宋老夫人原本正托着王卿的手,泪眼婆娑地嘱咐些话,听见迎亲队伍要来,便急急忙忙将玉镯子从袖里取出来,给她套到手腕上,说:“这镯子是你娘亲出嫁的时候我给她的嫁妆,如今你要出嫁了,我便把这镯子给你。”
红盖头下,金丝线绣成的凤凰大气辉煌,可王卿只见着缝隙间那双苍老的手,正颤颤巍巍地为她的手腕套上手镯。
“你往后要好好同永宁侯过日子。”
王卿吸了吸鼻子,微微抬起头,不让眼泪流落,道:“云舒会的。”
人潮涌动,只见崔永安身着朱红色的喜袍大步跨进,面上喜气洋洋,朝宋老夫人同王峻齐夫妇行礼。
王峻齐面色不快。
媒婆在他身后匆匆赶来,神色紧张:“这这,这侯爷一下子就闯了进来,拦不住呀!”
王峻齐睨了崔永安一眼,说:“侯爷,照理新娘子应由家中兄长背到轿上。”
“你这样于理不合。”
目光掠过一旁王绍康神色郁郁的模样,崔永安心道自己叫他背王卿才怪
此话出口也不怕人听了笑话,他俩算哪门子兄妹,王家当年那件事怕是连巷口的孩童也有所耳闻。
碍于人前,崔永安也只好作出歉疚的姿态,作揖道:“是小婿心急。”
说罢,他直起身,语气一转:“只是吉时将至,父母亲已在崔府堂前候着新媳,耽误不得。”
宋老夫人年事已高,最是信这些,估摸着时辰也是时候了,便扶着王卿的手臂,将她拉至崔永安身边,说:“云舒往后的日子,就交给你了。”
崔永安言辞恳切,俯身道:“外祖母放宽心,子樽此生定不负云舒。”
“去吧。”
宋老夫人含泪看着他们般配的背影越行越远,直到他们走出了大门,她早已忍不住追了出去。
新娘子已上轿,宋老夫人拉住崔永安的手,小声颤颤地说:“我们云舒是个好孩子,值得去喜欢的。”
“倘若……倘若你厌了她,只管捎信告诉我宋家,我亲自接她回来,别让她步了她娘亲的后尘……”
“夫妻同心,不离不弃。”崔永安正色道:“我既娶了她,便会一辈子待她好。”
“好,好,”宋老夫人抹泪,欣慰一笑,“乖孩子。”
一把铜钱撒到马车的轿顶上,细细碎碎的声响,伴着唢呐喇叭一吹响,迎亲队伍浩浩荡荡地在街上行走了起来,格外热闹。
王峻齐在府邸门前仰头看去,目光紧紧追随,直到瞧不见那顶花轿,他才堪堪低下头。
宋老夫人冷冷看向他,早已不见方才那副德高望重的长辈姿态,嘲讽道:“今日大喜,得亏你没有出什么差错。”
“老夫人说笑。”王峻齐微笑着,说:“我王府可丢不起这个脸。”
宋老夫人踩着脚踏,头也不回地上了自家轿子,没有睬他,想必真是十分痛恨他的。
王峻齐嘴角的微笑滞住,本要再说些什么,却不经意间瞥见站在对面街巷一角处的男人,霎时间板起了脸。

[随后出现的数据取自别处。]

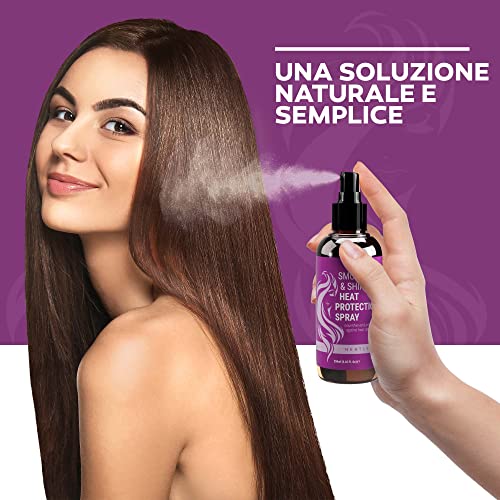 ☀️ PROTEGGI I TUOI CAPELLI DALLA PIASTRA: Proteggere i tuoi capelli non è mai stato così semplice! Lo spray protettivo capelli piastra e phon, oltre ad essere efficace contro i danni del calore, semplifica lo styling. Con lo spray protezione solare capelli avrete una chioma sempre idratata e profumata.
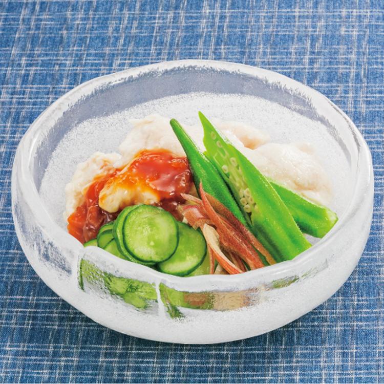鍋に水3カップを入れて強火にかけ、沸騰したらAを加えてひと煮立ちさせる。(1)を入れて浮き上がるまでゆでたら氷水にとって水気を切る。続いてオクラをさっとゆで、氷水にとって水気を切り、ヘタを落として斜め2等分にする。
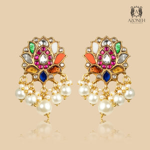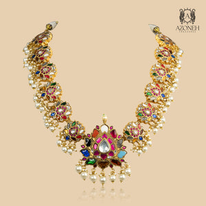 A riot of colour, but in the most royal way — this necklace is like wearing a celebration. Every shade feels intentional: fiery warmth, cool elegance, festive glow, and sacred richness — all tied together through heritage craft and grand detailing. Kundan work brings antique glamour, pearls soften the drama with grace, and the multicolour stones create a vibrant, queen-like aura that no minimal piece can compete with. This is not subtle — it is legendary. Made for brides who don’t want quiet luxury, they want loud heritage. Best paired with plain outfits so the necklace becomes the entire story. Rangrez Mahal Set
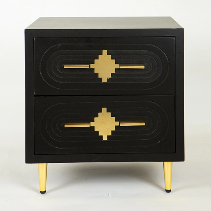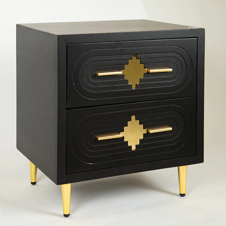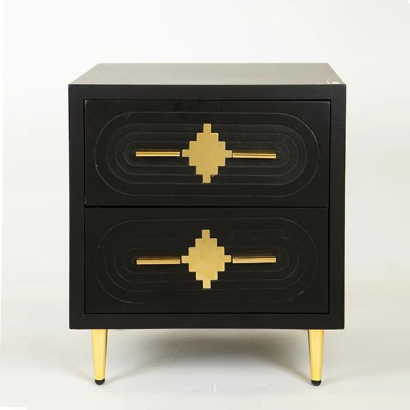 Κομοδίνο Ξύλινο-Μεταλλικό Μαύρο-Χρυσό 50x40x56εκ. ESTHETI 750-35513
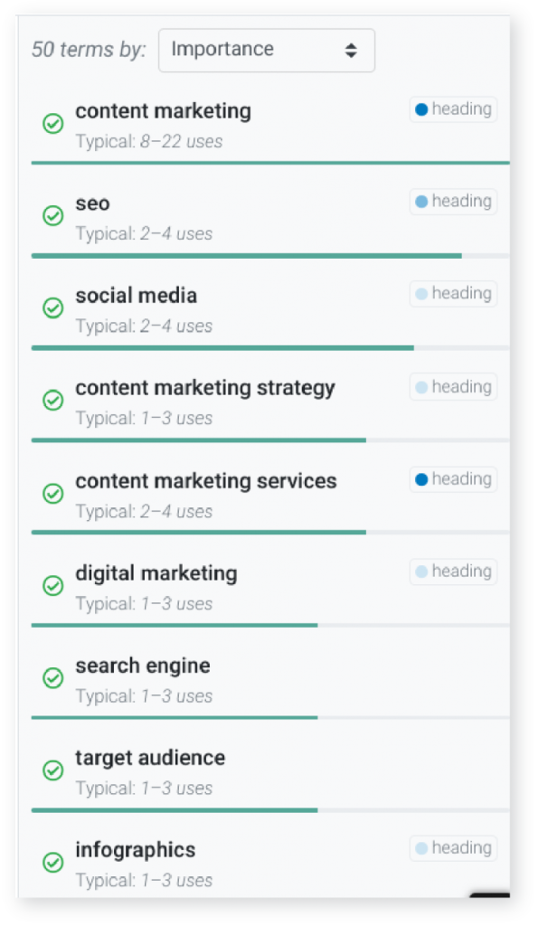You can get this information manually, or by using a high-powered tool like MarketMuse, or a writer-friendly tool like Clearscope. These tools will show you how well you covered all the potential sub-topics searchers are looking for and what areas you may need to improve in.
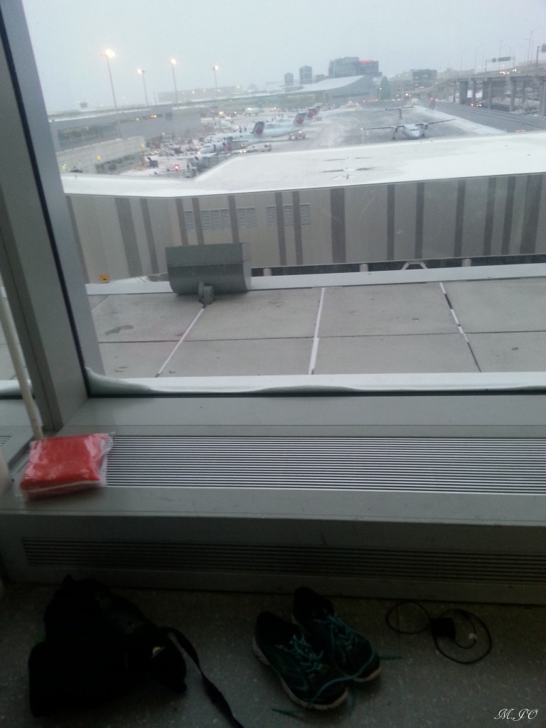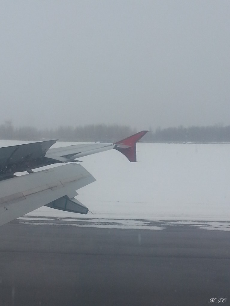 Pendant les quelques heures de la tempête qui s’abattait sur le Québec, tous les vols qui devaient atterrir à Montréal et à Québec ont été détournés vers Toronto. Je ne vous dis pas la cohue qui régnait à l’aéroport Pearson. Ils ont été pris au dépourvu et n’ont pas eu le temps de s’organiser alors grosse attente en piste avant de pouvoir sortir de l’avion, manque de nourriture dans l’aéroport, aucune redirection d’hôtel pour la nuit… ouf! Après un 10 heures de vol (habituellement, c’est un 6 heures), 2 heures d’attente aux douanes, récupérer nos grosses valises, nous devions trouver une place pour dormir un peu en attendant la confirmation de notre vol de retour du lendemain. J’ai donc passé la nuit sur un bord de fenêtre en métal et ma mère assise un peu plus loin. Nous avons finalement eu le vol de retour vers midi le lendemain. Ce fut une très mauvaise expérience de vol et d’aéroport! À Montréal, finalement, il y a eu plus de 50 cm de neige avec des rafales de 70 km à l’heure. C’était une des plus grosses tempêtes du siècle (la première reste celle de 1971) et il y eu plusieurs records d’établis au Québec. Il y eu pleins de voiture de pris partout et surtout un bouchon monstre sur l’autoroute 13, dont mon ami qui venait nous chercher à l’aéroport et qui a finalement couché dans le stationnement de l’aéroport car impossible de retourner. En plus, on ne savait pas du tout l’heure de notre retour. Nous étions quand même contentes de revenir dans l’après-midi du lendemain. Vraiment épuisées, mais heureuses d’être à la maison. Tout un retour dans une toute autre réalité!

那男人亦穿着喜庆,只是笑容晦涩,朝王府方向微微颔首,便离去了。
王峻齐顾着府中宾客未散,当下也只能够回府里去款待。
街上很快归于平静。
“一拜天地!”媒人高声说。
崔永安缓缓转身,王卿亦朝外微微弯着腰,二人一同朝拜。
“二拜高堂!”
“夫妻对拜!”
……
如此,便礼成了。
王卿嘴角含笑,脸颊不禁热起来。
笑的是他们二人从此往后便是夫妻,风雨同舟。
臊的是她当下耳边尽是宾客的欢呼声,都催促着叫永安快些送新娘子入洞房。
手被崔永安紧紧地攥住,一路牵着走进后院。
王卿一路无言,他亦然。
直到被扶着坐在了床榻上,她才听见他轻声问:“可饿了?”
“不饿。”王卿摇摇头,钗环作响,清脆动听。
崔永安也坐了下来。
王卿伸出手推他,“外边的宾客还要你去招呼,坐下来做什么?”
“招呼他们难免要饮酒,我若是醉了,今夜还如何办正事?”他语气忒不正经,惹得王卿打了他一下。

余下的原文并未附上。